Simplifying disassembly with llvm-mc

Both compiler developers and security researchers have built disassemblers. They often prioritize different aspects. Compiler toolchains, benefiting from direct contributions from CPU vendors, tend to offer more accurate and robust decoding. Security-focused tools, on the other hand, often excel in user interface design.

For quick disassembly tasks, rizin provides a convenient command-line interface.

1
2
3
% rz-asm -a x86 -b 64 -d 4829c390
sub rbx, rax
nop

-a x86 can be omitted.

Within the LLVM ecosystem, llvm-objdump serves as a drop-in replacement for the traditional GNU objdump, leveraging instruction information from LLVM's TableGen files (llvm/lib/Target/*/*.td). Another LLVM tool, llvm-mc, was originally designed for internal testing of the Machine Code (MC) layer, particularly the assembler and disassembler components. There are numerous RUN: llvm-mc ... tests within llvm/test/MC. Despite its internal origins, llvm-mc is often distributed as part of the LLVM toolset, making it accessible to users.

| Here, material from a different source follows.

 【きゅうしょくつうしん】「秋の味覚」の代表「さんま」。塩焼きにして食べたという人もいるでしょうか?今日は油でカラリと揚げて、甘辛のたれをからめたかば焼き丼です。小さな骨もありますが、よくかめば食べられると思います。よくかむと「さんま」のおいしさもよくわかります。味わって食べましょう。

However, using llvm-mc for simple disassembly tasks can be cumbersome. It requires explicitly prefixing hexadecimal byte values with 0x:

1
2
3
4
% echo 0x48 0x29 0xc3 0x90 | llvm-mc --triple=x86_64 --cdis --output-asm-variant=1
.text
sub rbx, rax
nop

Let's break down the options used in this command:

  • --triple=x86_64: This specifies the target architecture. If your LLVM build's default target triple is already x86_64-*-*, this option can be omitted.
  • --output-asm-variant=1: LLVM, like GCC, defaults to AT&T syntax for x86 assembly. This option switches to the Intel syntax. See lhmouse/mcfgthread/wiki/Intel-syntax if you prefer the Intel syntax in compiler toolchains.
  • --cdis: Introduced in LLVM 18, this option enables colored disassembly. In older LLVM versions, you have to use --disassemble.

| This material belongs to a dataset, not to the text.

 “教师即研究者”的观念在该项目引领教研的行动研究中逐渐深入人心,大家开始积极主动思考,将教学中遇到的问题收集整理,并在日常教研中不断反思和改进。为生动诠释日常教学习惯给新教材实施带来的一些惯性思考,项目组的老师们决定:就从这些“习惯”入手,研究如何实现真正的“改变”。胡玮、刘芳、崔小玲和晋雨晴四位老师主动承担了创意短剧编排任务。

I have contributed patches to remove .text and allow disassembling raw bytes without the 0x prefix. You can now use the --hex option:

1
2
3
% echo 4829c390 | llvm-mc --cdis --hex --output-asm-variant=1
sub rbx, rax
nop

You can further simplify this by creating a shell alias:

1
alias disasm="llvm-mc --cdis --hex --output-asm-variant=1"

bash and zsh's "here string" feature provides a clean way to specify stdin.

1
2
3
4
5
6
% disasm <<< 4829c390
sub rbx, rax
nop
% disasm <<< $'4829 c3\n# comment\n90'
sub rbx, rax
nop

The --hex option conveniently ignores whitespace and #-style comments within the input.